START Provided records

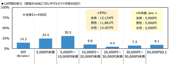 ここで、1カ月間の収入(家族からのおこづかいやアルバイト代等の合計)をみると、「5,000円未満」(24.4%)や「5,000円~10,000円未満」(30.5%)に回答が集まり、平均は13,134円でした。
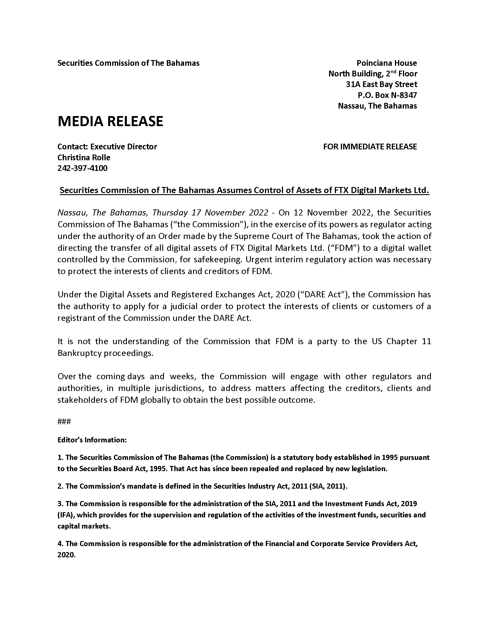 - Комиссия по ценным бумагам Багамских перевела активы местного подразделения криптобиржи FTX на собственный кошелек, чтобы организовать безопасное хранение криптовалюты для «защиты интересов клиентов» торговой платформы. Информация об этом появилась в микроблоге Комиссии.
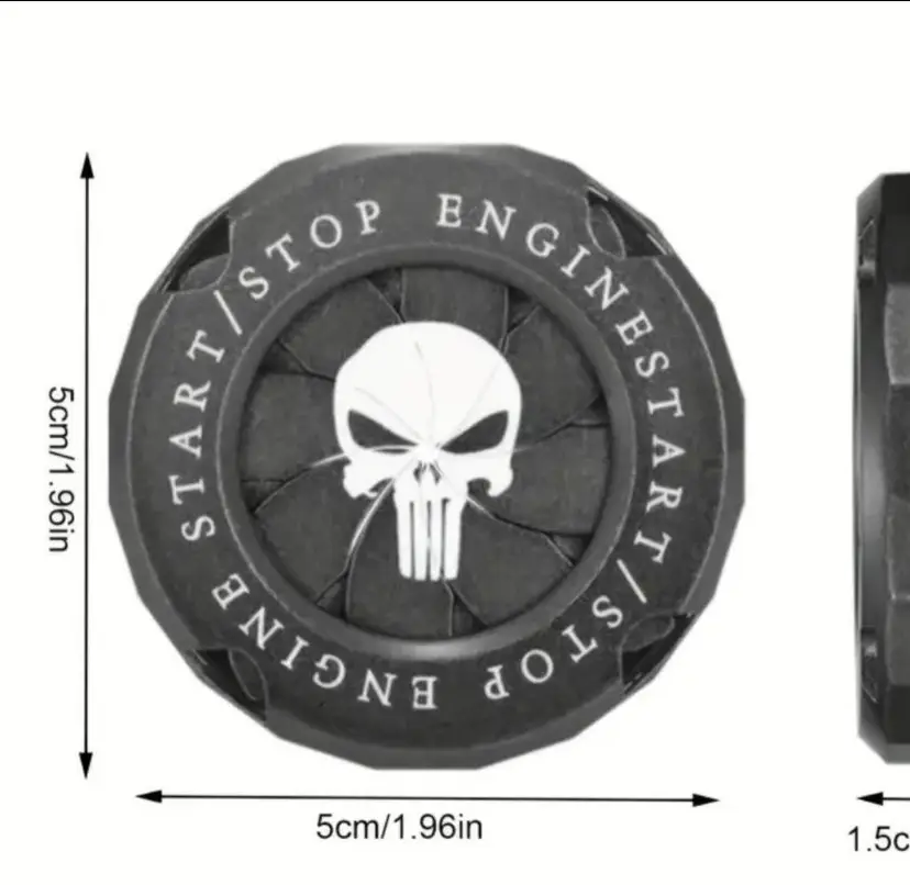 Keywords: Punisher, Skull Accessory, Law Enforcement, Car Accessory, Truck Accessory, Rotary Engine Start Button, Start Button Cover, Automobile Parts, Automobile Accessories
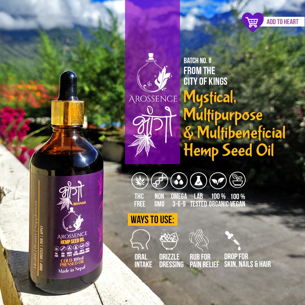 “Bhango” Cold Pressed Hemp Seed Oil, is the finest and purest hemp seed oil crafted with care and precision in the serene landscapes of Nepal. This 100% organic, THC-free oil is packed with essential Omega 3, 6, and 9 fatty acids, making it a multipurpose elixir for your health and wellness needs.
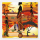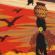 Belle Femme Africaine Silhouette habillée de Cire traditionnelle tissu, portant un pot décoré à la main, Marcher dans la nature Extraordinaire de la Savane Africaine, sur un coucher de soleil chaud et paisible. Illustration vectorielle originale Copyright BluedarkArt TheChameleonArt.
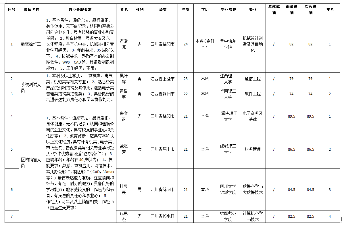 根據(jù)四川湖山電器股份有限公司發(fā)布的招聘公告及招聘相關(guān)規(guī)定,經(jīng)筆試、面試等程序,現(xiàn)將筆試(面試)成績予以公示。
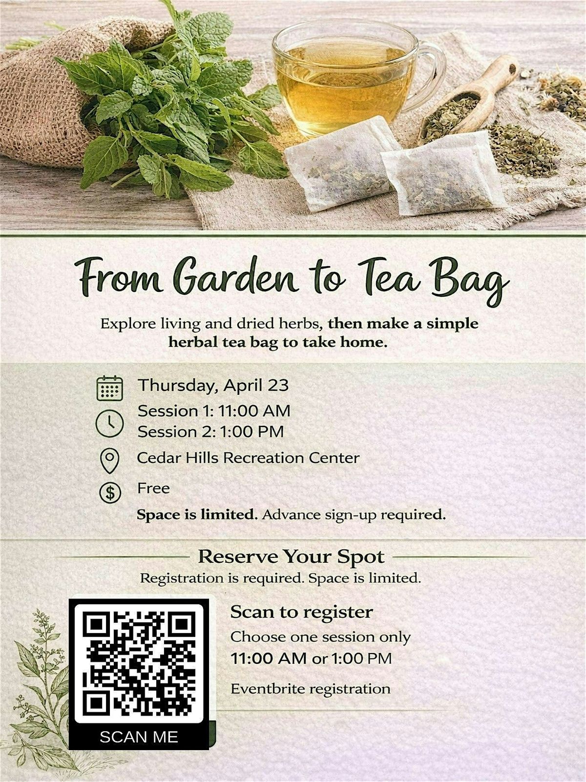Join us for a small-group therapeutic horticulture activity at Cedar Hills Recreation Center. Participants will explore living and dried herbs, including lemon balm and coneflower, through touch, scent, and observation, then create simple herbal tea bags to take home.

END Provided records

#### Instructions to follow:
Give back the lines word for word, from the very first in the material above to the one that has "and wellness needs.", both included, without the pictures.

#### The answer:
 ここで、1カ月間の収入(家族からのおこづかいやアルバイト代等の合計)をみると、「5,000円未満」(24.4%)や「5,000円~10,000円未満」(30.5%)に回答が集まり、平均は13,134円でした。
 - Комиссия по ценным бумагам Багамских перевела активы местного подразделения криптобиржи FTX на собственный кошелек, чтобы организовать безопасное хранение криптовалюты для «защиты интересов клиентов» торговой платформы. Информация об этом появилась в микроблоге Комиссии.
 Keywords: Punisher, Skull Accessory, Law Enforcement, Car Accessory, Truck Accessory, Rotary Engine Start Button, Start Button Cover, Automobile Parts, Automobile Accessories
 “Bhango” Cold Pressed Hemp Seed Oil, is the finest and purest hemp seed oil crafted with care and precision in the serene landscapes of Nepal. This 100% organic, THC-free oil is packed with essential Omega 3, 6, and 9 fatty acids, making it a multipurpose elixir for your health and wellness needs.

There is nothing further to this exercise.